No que diz com o art. 19, § 5º, do ato normativo impugnado, a Corte afirmou que a norma nele cristalizada conforma-se ao princípio da razoabilidade. Sua disciplina direcionaria à linearidade ao impor que, independentemente de impasses no registro administrativo das empresas de planos de saúde ou na adequação, à nova disciplina normativa, dos contratos celebrados após 2 de janeiro de 1999, os consumidores não poderiam ser prejudicados.

Em relação art. 32 da norma em questão, aduziu que, sob o ângulo formal, o dispositivo é compatível com a Constituição Federal.
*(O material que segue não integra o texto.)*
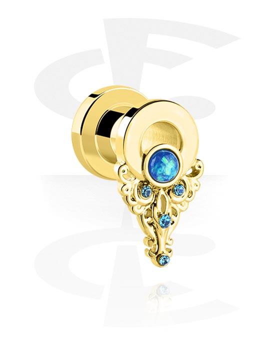 Šroubovací tunel (chirurgická ocel, zlatá, lesklý povrch) s vintage designem a krystalovými kamínky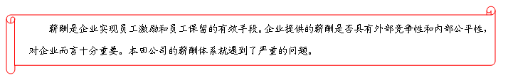 案例中本田公司遇到的问题值得大部分外资企业深思。薪酬并不是激励员工的唯一方式,也不是激励员工的长远方式,但这并不意味着企业可以不重视薪酬制度的建设。不合理的薪酬体系会影响企业的发展。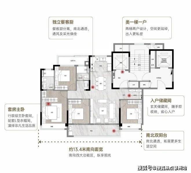 2T2户设计,带入户电梯厅。私享墅级入户体验约13.4m超大面宽采光,餐、客、厨一体化竖厅设计,更享三居室朝南。一孩家庭,兼顾父母与孩子惬意舒居;二孩家庭,阳光平权,俯瞰园林景观,同享自然风光。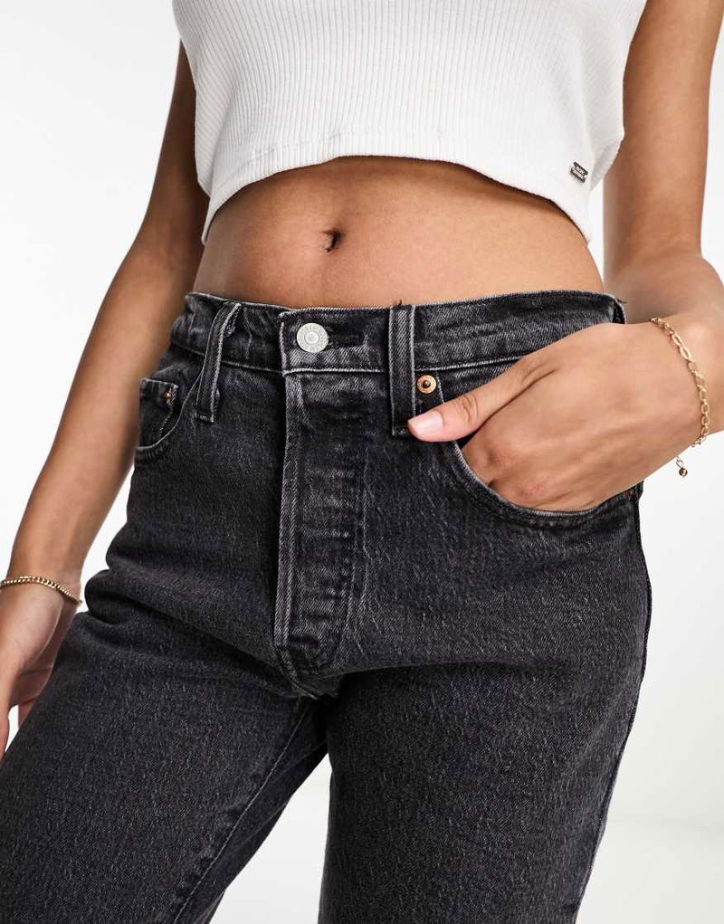 501 Straight Fit Crop Jeans In Washed Black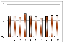 この頁の学習により,正答率は77.9%から87.5%へ変化し,ここで扱った項目に関して9.6%の成績アップが見込まれる. |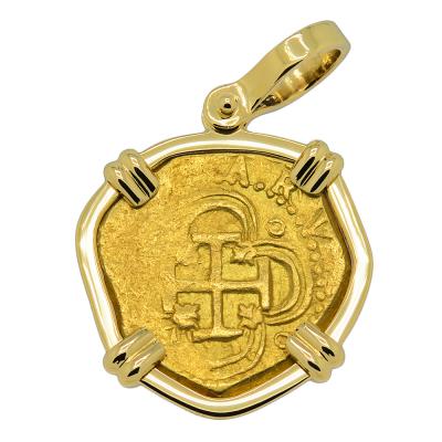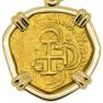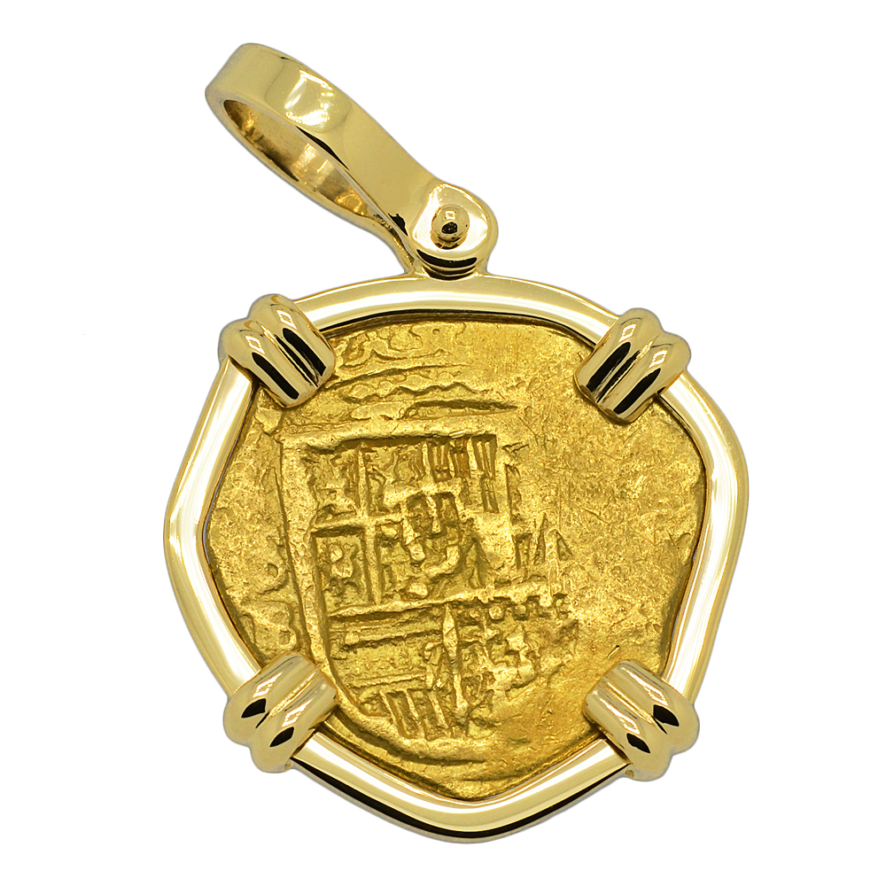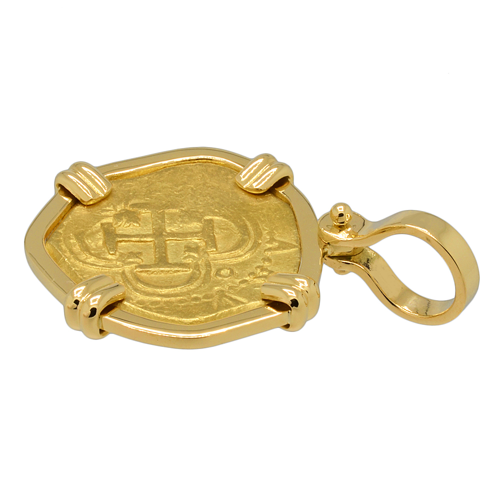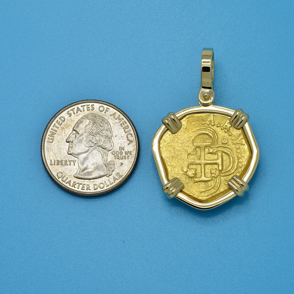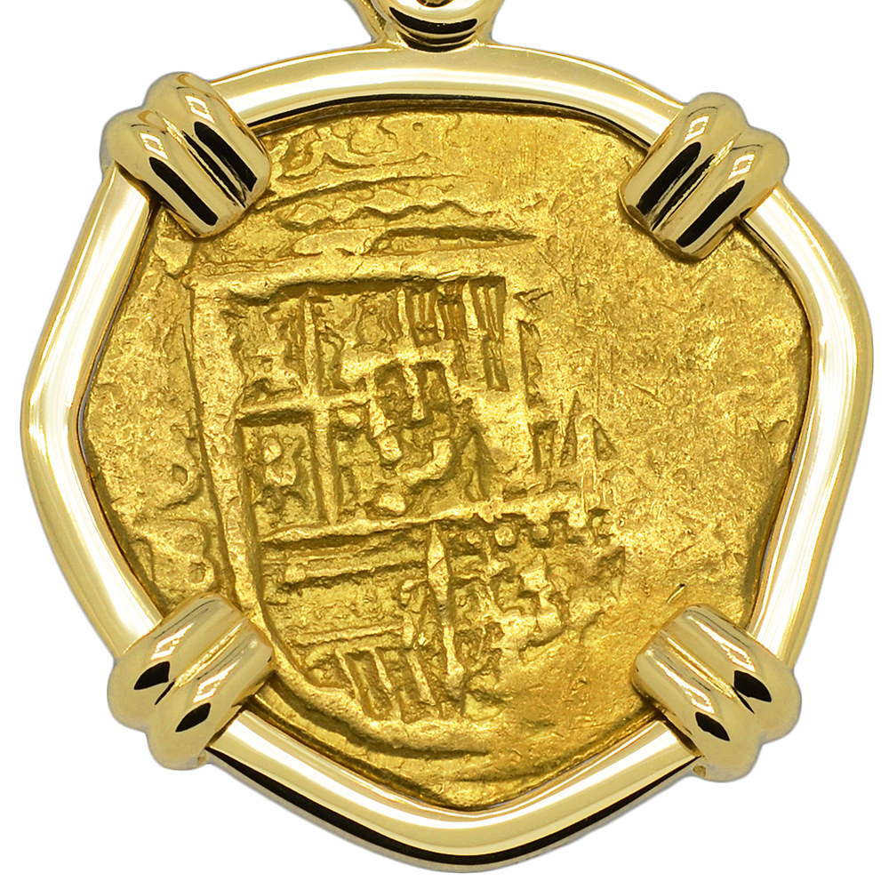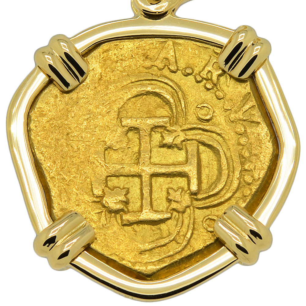 Spanish gold coinage of this historical period was decreed by the King to be 22 karats and were hand struck from dies and cut to weight, making each coin a one-of-a-kind piece of history. Minted in five denominations in gold, the largest was the eight escudos, however the two escudos was famous in the colonies and among pirates as a "doubloon.” A common working man at this time would have to work four months to earn a single doubloon.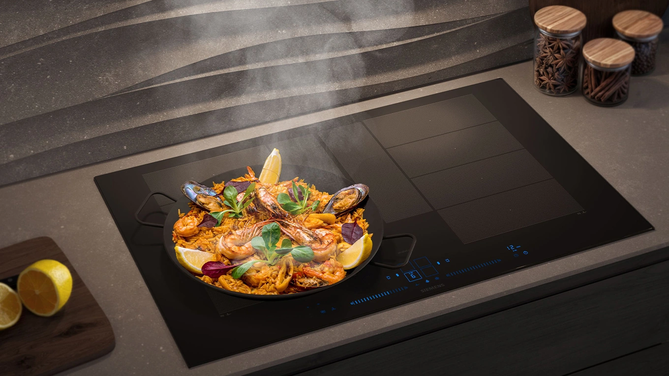The Siemens induction cooktop is a flexible cooking zone that easily accommodates roasting pans and griddles. Thanks to innovative technologies such as powerMove Plus, different temperature ranges can be controlled simply by moving the pans – intuitively, quickly, and energy-efficiently.

A regra não implica a criação de nova fonte de receitas para seguridade social, nos termos do art. 195, § 4º, da Constituição, mas, sim, consiste em desdobramento da relação contratual entabulada em ambiente regulado, não havendo que se falar na necessidade de edição de lei complementar.

Outrossim, em relação à constitucionalidade material do dispositivo, registrou que a análise da natureza do ressarcimento nele cristalizado evidencia sua conformidade com o devido processo legal substantivo. Isso porque a norma em questão não confere tratamento desigual entre cidadãos com e sem plano de saúde. A nenhuma pessoa será negado tratamento em hospital público, considerada a universalidade do sistema. Porém, se o Poder Público atende a particular em virtude de situação incluída na cobertura contratual, deve o Sistema Único de Saúde ser ressarcido, tal como faria o plano de saúde em se tratando de hospital privado.

Muito embora o Poder Público atue gratuitamente em relação aos cidadãos, não o faz no tocante às entidades cuja atividade-fim é justamente assegurar a cobertura de lesões e doenças, cabendo, nesta senda, distinguir os vínculos jurídicos em jogo: constitucional, entre Estado e cidadão (CF, art. 196); obrigacional, entre pessoa e plano de saúde; e legal, entre Estado e plano de saúde (Lei 9.656/1998, art. 32).

A escolha do agente privado de atuar na prestação de relevantes serviços à saúde, de forma concorrente com o Estado, pressupõe a responsabilidade de arcar integralmente com as obrigações assumidas. A norma impede o enriquecimento ilícito das empresas e a perpetuação de modelo no qual o mercado de serviços de saúde submeta-se unicamente à lógica do lucro, ainda que às custas do erário. Entendimento em sentido contrário resultaria em situação em que os planos de saúde recebem pagamentos mensais dos segurados, mas os serviços continuam a ser fornecidos pelo Estado, sem contrapartida.

Além do mais, a sistemática inaugurada pelo ato atacado, e complementada pela Instrução Normativa 54/2014 da Diretoria de Desenvolvimento Setorial da Agência Nacional de Saúde Suplementar, assegura que o ressarcimento seja precedido de processo administrativo, assegurada a ampla defesa, o contraditório e o direito a recurso.

ADI 1931/DF

 


[1] Medida Provisória 2.177-44/2001: “Art. 2º Os arts. 3º, 5º, 25, 27, 35-A, 35-B, 35-D e 35-E da Lei no 9.656, de 3 de junho de 1998, entram em vigor em 5 de junho de 1998, resguardada às pessoas jurídicas de que trata o art. 1o a data limite de 31 de dezembro de 1998 para adaptação ao que dispõem os arts. 14, 17, 30 e 31”.